Nan Chiau Jit Pao (南侨日报 (Lâm-kiâu Ji̍t-pò, Nánqiáo Rìbào); also known as the Nan Chiau Jit Pau), was a pro-Chinese Communist Party newspaper published in Singapore. Founded by Tan Kah Kee, it was an organ of the China Democratic League in Singapore. It was banned along with the Xian Dai Ri Bao in 1950.

==History==
The Nan Chiau Jit Pao was founded by prominent businessman Tan Kah Kee in November 1946 with a number of supporters for a capital of $500,000. Tan was a major shareholder of the paper, having invested $25,000 towards the paper's establishment. The paper became the organ of both the Singapore branch of the China Democratic League and Tan, which was against Chiang Kai-shek while supporting Mao Zedong. The newspaper was ranked as one of the three largest Chinese newspapers in Singapore, having a daily circulation of between 12,000 and 20,000.

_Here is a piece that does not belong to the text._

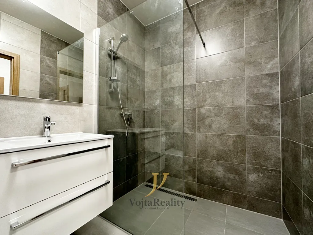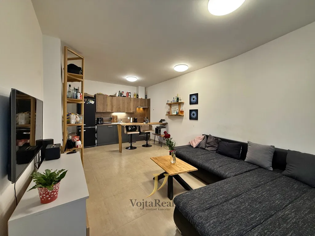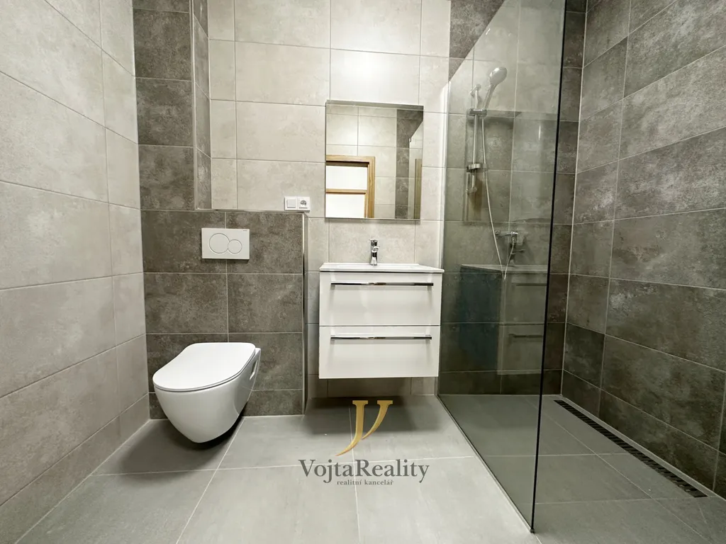 Dispozice bytu zahrnuje vstupní chodbu, koupelnu se sprchovým koutem a toaletou, světlý obývací pokoj s kuchyňským koutem a vstupem na prostornou terasu a samostatnou ložnici.

An article published in the Nan Chiau Jit Pao on 21 July 1950 criticised the new emergency powers granted by the Malayan government which would allow authorities to close down newspapers which supported terrorists or opposed the actions taken by the United Nations in the Korean War. The newspaper launched a "peace campaign" on 8 September, asking its readers to sign a declaration to prohibit the use of the Atom Bomb as a weapon of aggression. Both the Nan Chiau Jit Pao and the Xian Dai Ri Bao, also known as Morning Daily News, in Penang were banned by British authorities on 19 September 1950. The closing of the paper was made using the emergency powers granted to the government. By October 1950, out of the staff of the newspaper, nine were detained, with two of the nine being released later and the others receiving detention orders, and with one former staff of the newspaper being on the run.